What the task asks:
Copy word for word the lines of the records below, beginning at the one with "- LACTOBACILLUS SALIVARIUS" and finishing at the one with "T/CDHA 5-2021《供热顶进用钢筋混凝土管》", ends included, but none of the pictures.

### Dataset entries ###

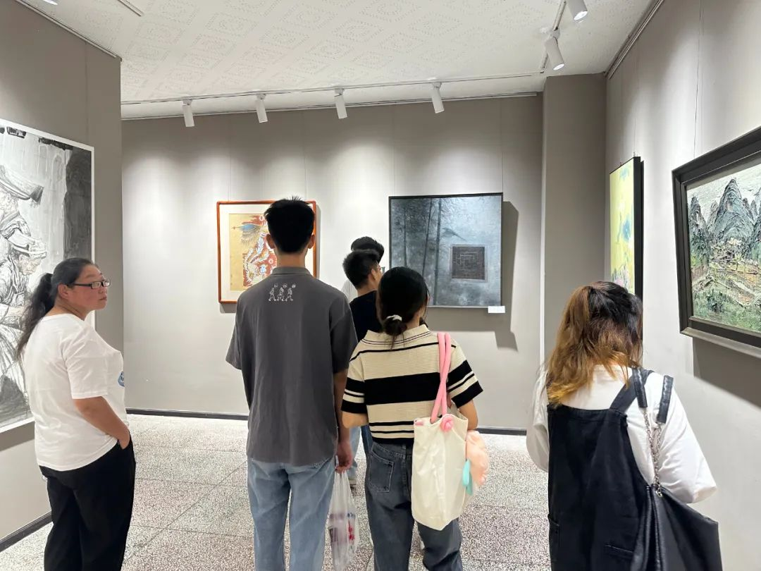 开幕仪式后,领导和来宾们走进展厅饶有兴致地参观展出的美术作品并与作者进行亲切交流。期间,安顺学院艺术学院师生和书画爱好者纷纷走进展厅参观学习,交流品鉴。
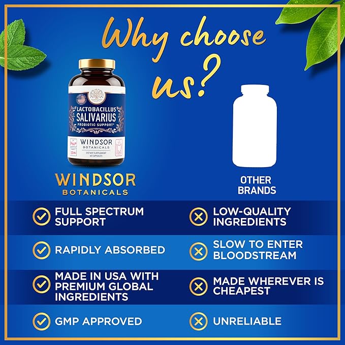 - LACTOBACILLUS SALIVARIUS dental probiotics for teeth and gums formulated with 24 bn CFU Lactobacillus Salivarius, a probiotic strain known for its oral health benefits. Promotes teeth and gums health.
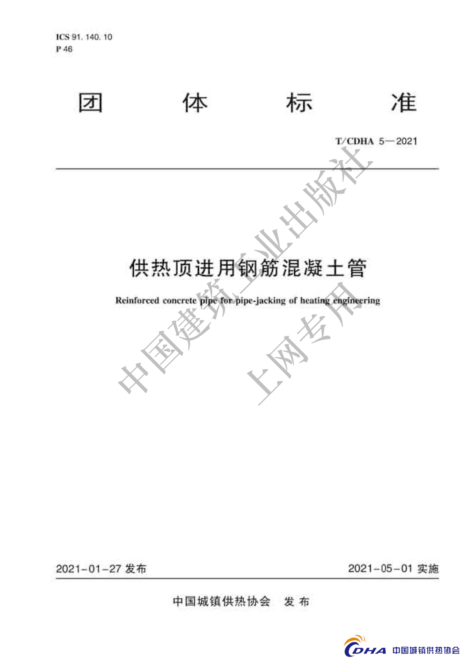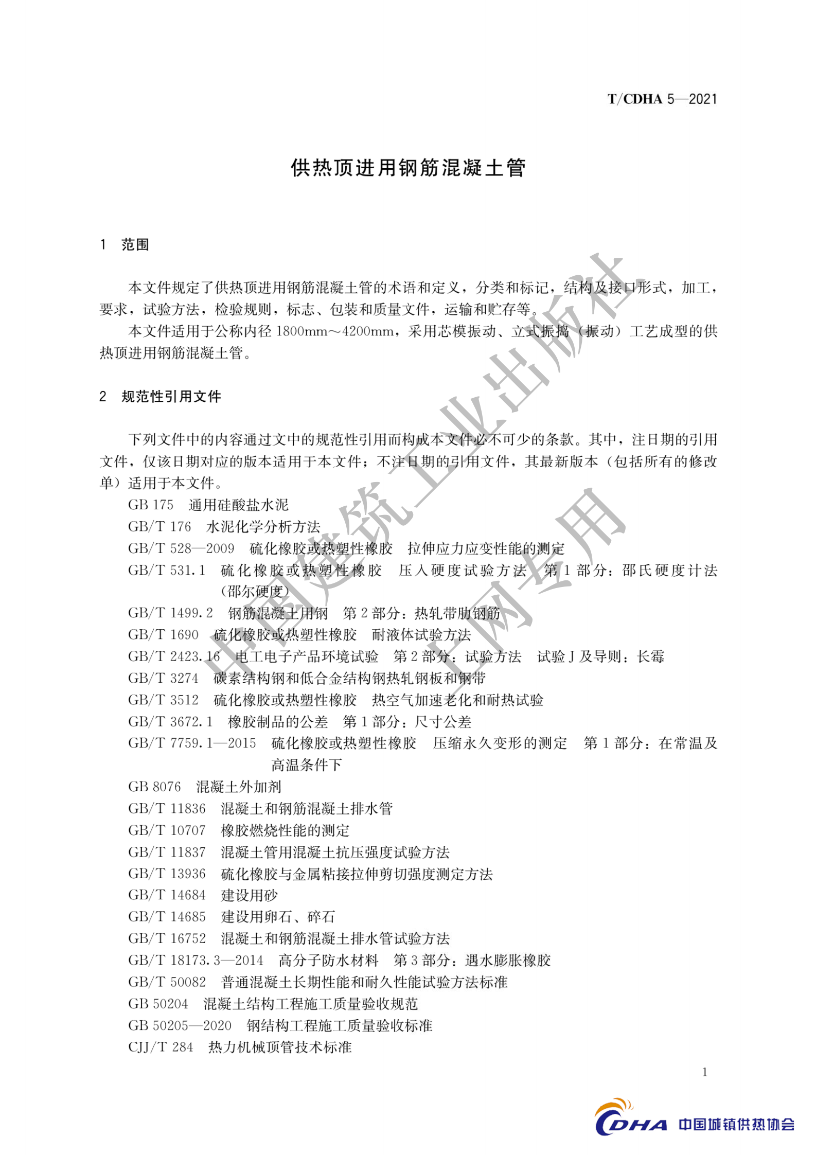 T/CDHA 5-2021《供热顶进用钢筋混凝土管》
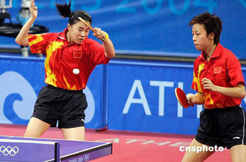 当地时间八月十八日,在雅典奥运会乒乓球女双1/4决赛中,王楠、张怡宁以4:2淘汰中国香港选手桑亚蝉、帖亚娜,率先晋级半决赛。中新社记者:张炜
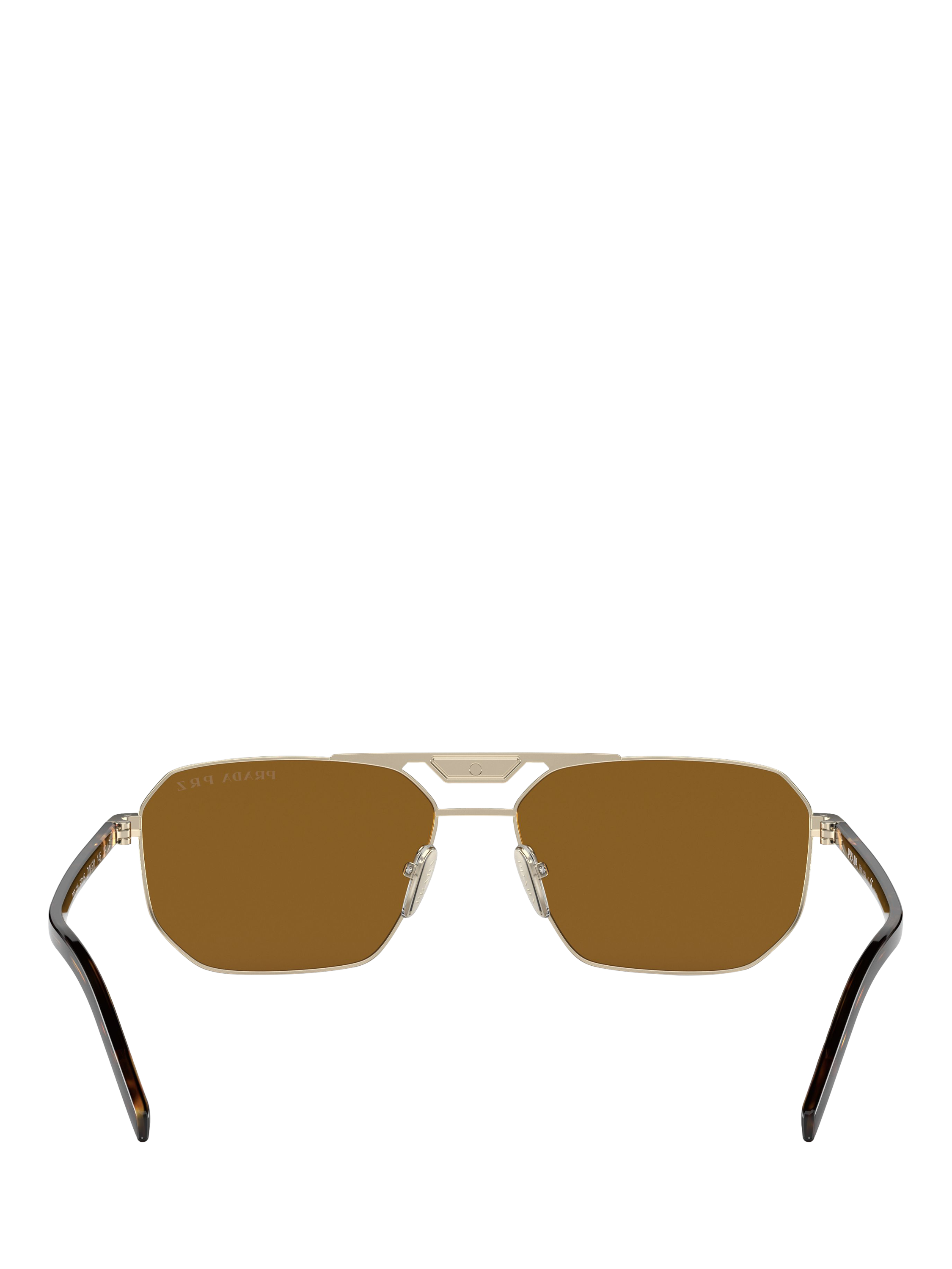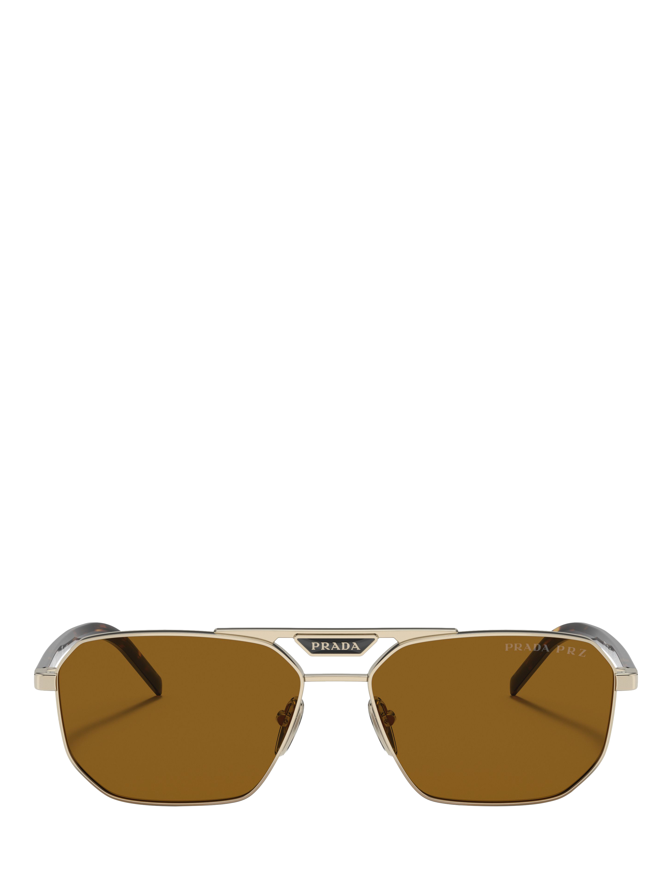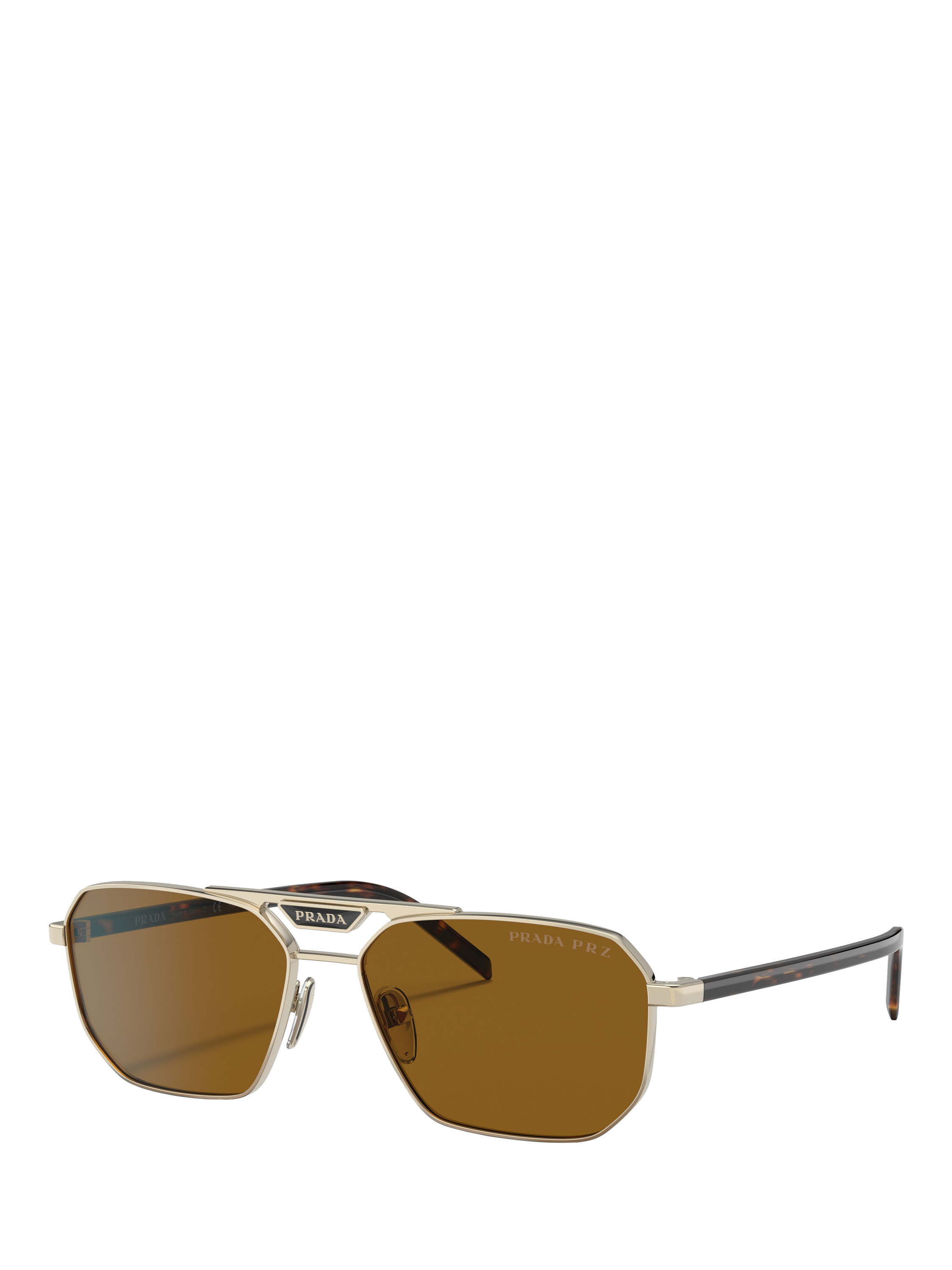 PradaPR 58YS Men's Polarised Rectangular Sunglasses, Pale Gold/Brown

###

Your solution:
 - LACTOBACILLUS SALIVARIUS dental probiotics for teeth and gums formulated with 24 bn CFU Lactobacillus Salivarius, a probiotic strain known for its oral health benefits. Promotes teeth and gums health.
 T/CDHA 5-2021《供热顶进用钢筋混凝土管》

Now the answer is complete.